When questioned about embracing Hagee, McCain stated that he is “very proud of the Pastor John Hagee’s spiritual leadership to thousands of people…I am not endorsing some of their positions.” I’m not sure that would be enough for me because I do not know how you separate the two, but it was certainly enough for the mainstream media.
If Hagee isn’t enough to scare you, McCain has also received the endorsement of the Reverend Rod Parsley of the World Harvest Church of Columbus, Ohio, who called McCain a “strong, true, consistent conservative.” Parsley has written a number of books aimed at his targets: Activist judges, those who support separation between church and state, homosexuals, the “abortion industry” and the entertainment industry. In turn, McCain referred to Parsley as a “spiritual guide.”The mainstream media is asleep at the switch
The mainstream media is asleep at the switch when it comes to John McCain, but certainly not when it comes to Barack Obama.
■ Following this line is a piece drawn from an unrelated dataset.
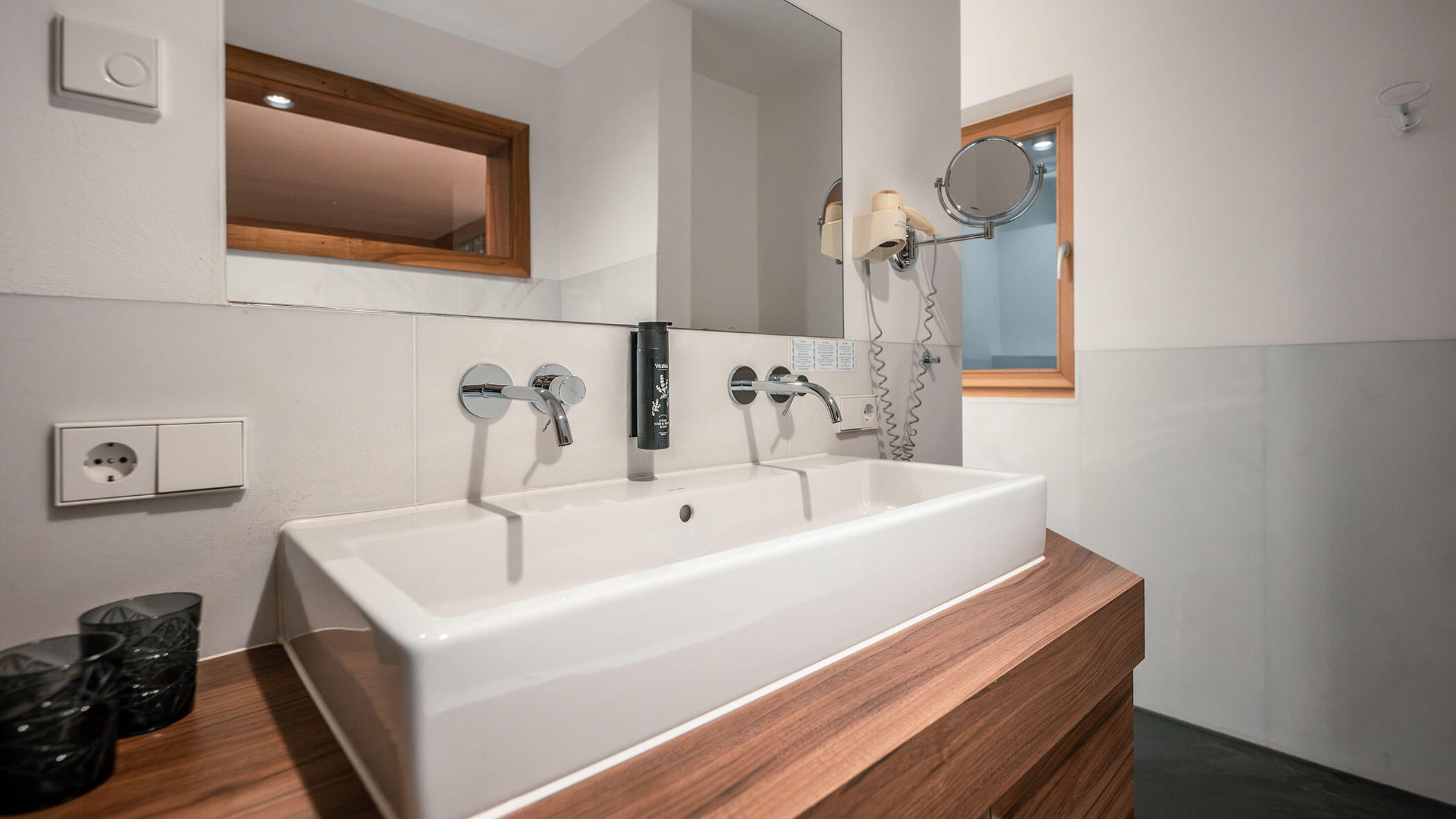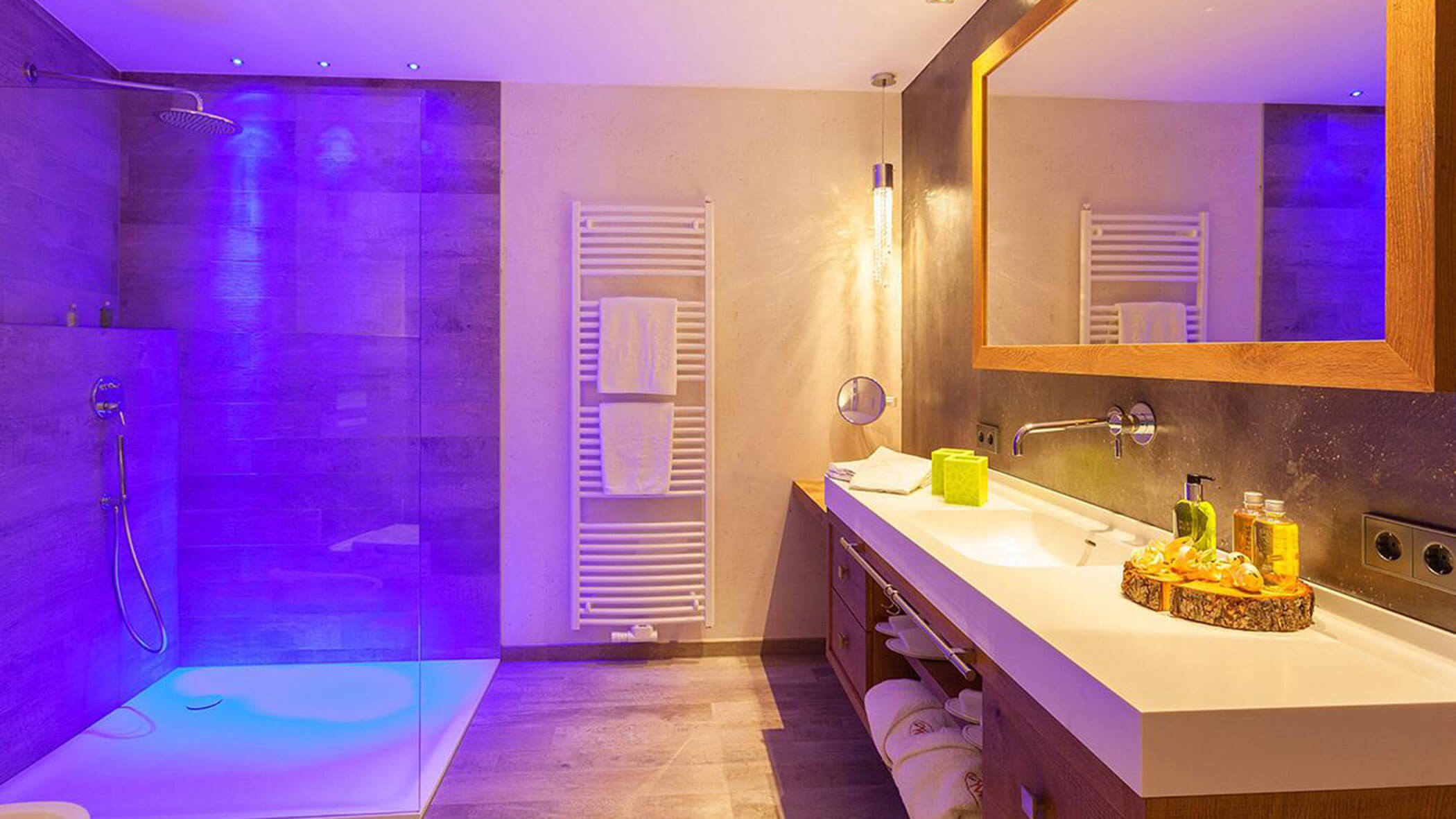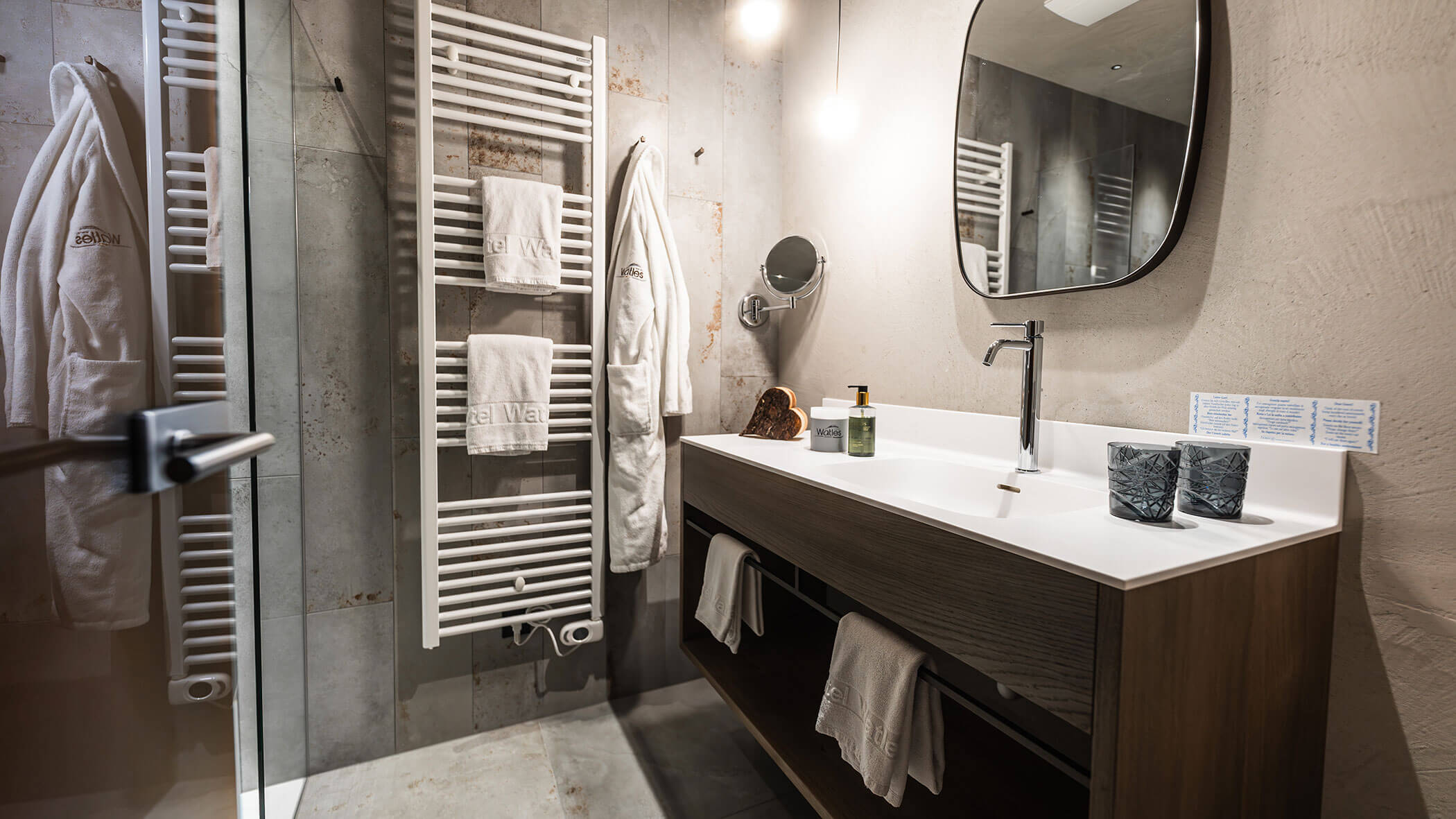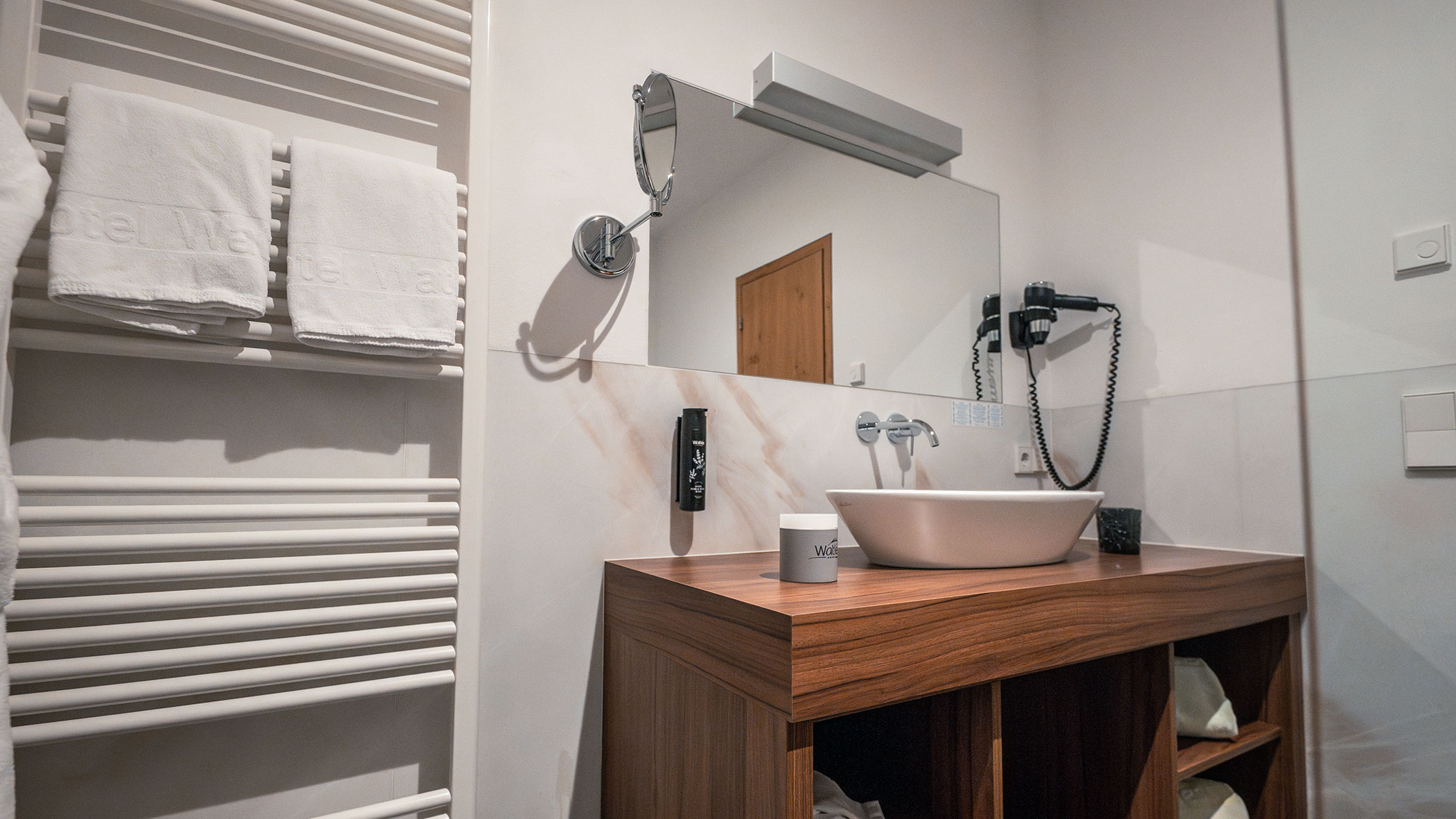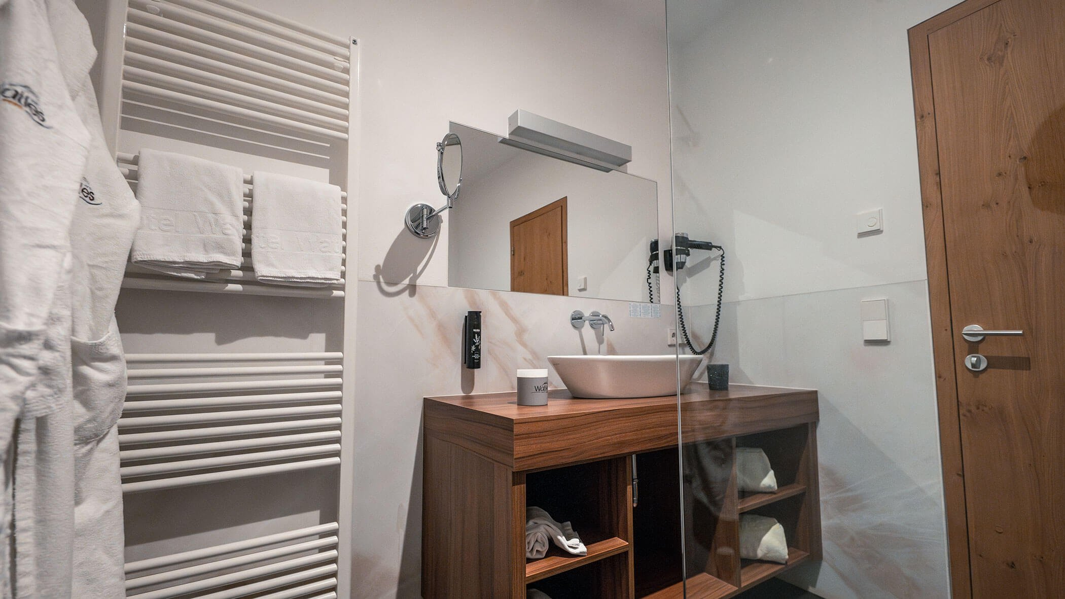 Wir waren in einer sehr komfortablen und geräumigen Junior Suite untergebracht. Als man uns an der Rezeption sagte, dass das Zimmer im Erdgeschoss sei, waren wir enttäuscht, aber als wir die Tür öffneten, erlebten wir eine wunderbare Überraschung, denn stattdessen befand sich der große Balkon an der Bergwand, mit Blick auf das Tal und die gegenüberliegenden Berge. Atemberaubende Aussicht.

The media hounded Obama for days, even weeks, when it came to his association with the Reverend Jeremiah Wright, in spite of the fact that he took a stand denouncing Wright’s anti-American statements. In the final analysis, Obama told CNN that he would have left his church had Wright not retired. There has been no such grilling and dogging of McCain.
The media has instead chosen to focus on the insult Hagee leveled at the Catholic Church by calling it, among other things, a 'false cult system' rather than cover his more dangerous beliefs that could very well influence American foreign policy. As for McCain’s association with the Reverend Rod Parsley, it hasn’t even made a blip on the mainstream media radar screen. Yet, McCain has not renounced his association with either Hagee or Parsley. In fact, he proudly carries these endorsements on his sleeve, unscathed I might add, in his relentless march to 1600 Pennsylvania Avenue.